Expression of the PRKCA Gene and Overview of the Gene Region

(A) RT-PCR analysis of expression of the PRKCA gene in isolated human cells.

(B) Relative levels of the PRKCA gene expression in CD4⁻ blood mononuclear cells in individuals with one (n[controls] = 4, n[MS] = 3) or two copies (n[controls] = 4, n[MS] = 5) of the “risk” MS haplotype. Ct(PRKCA) values are normalized against mean of Ct(HMBS) and Ct(β-actin) and are shown on the y-axis and the number of putative disease haplotypes (rs887797–rs1010544: C-A) in the x-axis. (Ct = number of amplification cycles required to reach the selected signal threshold, thus higher Ct values mean lower relative expression levels). Expression in MS cases is shown with black diamonds and in healthy controls with white squares (average ± SD are given for all individuals as horizontal lines).

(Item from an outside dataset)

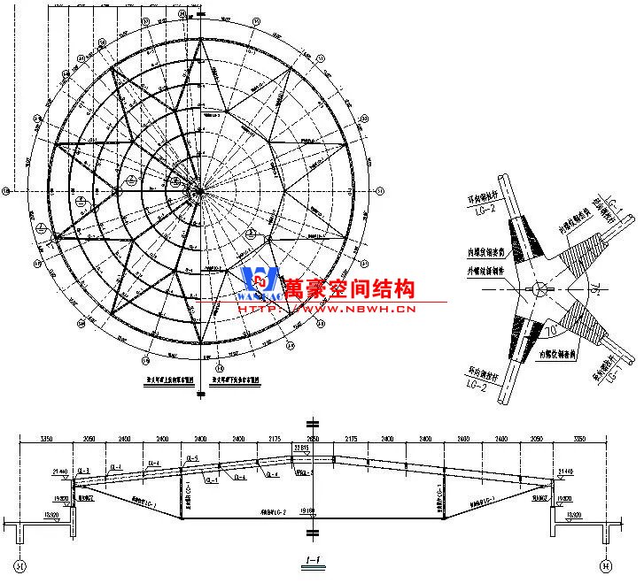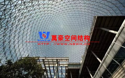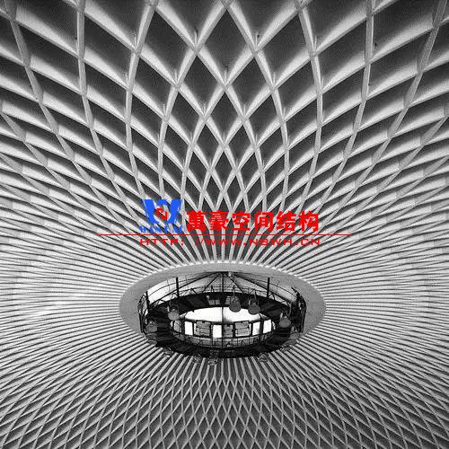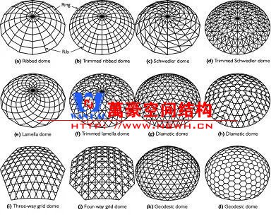还是用钢结构比较稳妥。要用钢结构表现天窗的轻盈,网壳是一个很好的选择。经典的网壳划分方法有很多,比如肋环型、联方型、施威德勒型、凯威特型等等。其中肋环型适合中、小跨度;联方型抗风抗震性能相对更好,适用与大、中跨度;施威德勒型能承受较大的非对称荷载,适用于大、中跨度;凯威特型为均匀的三角形网格,适用于各种跨度。
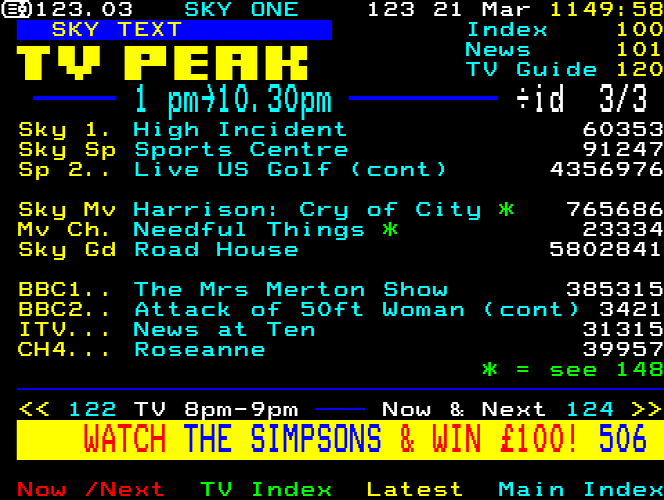 Sky One Teletext pages from 1997

(C) UCSC Human Genome Browser view of the critical region of the PRKCA gene (chr17:61,980,000–62,158,000). The genomic DNA region covered by haplotype blocks 4–7 (in Canadians) and blocks 4–9 (in Finns) is indicated on top. The ruler shows map positions on chromosome 17 (UCSC Genome Browser, April, 2004). Names and positions of the SNPs used in the haplotype analysis are shown above the ruler. The names of the mRNA clones corresponding to the PRKCA gene variants are shown on the left and to the three other mRNA clones beside them in the middle. The spliced and unspliced ESTs, respectively, are shown in the middle of the figure. Conservation between species and the repeat masker are indicated below.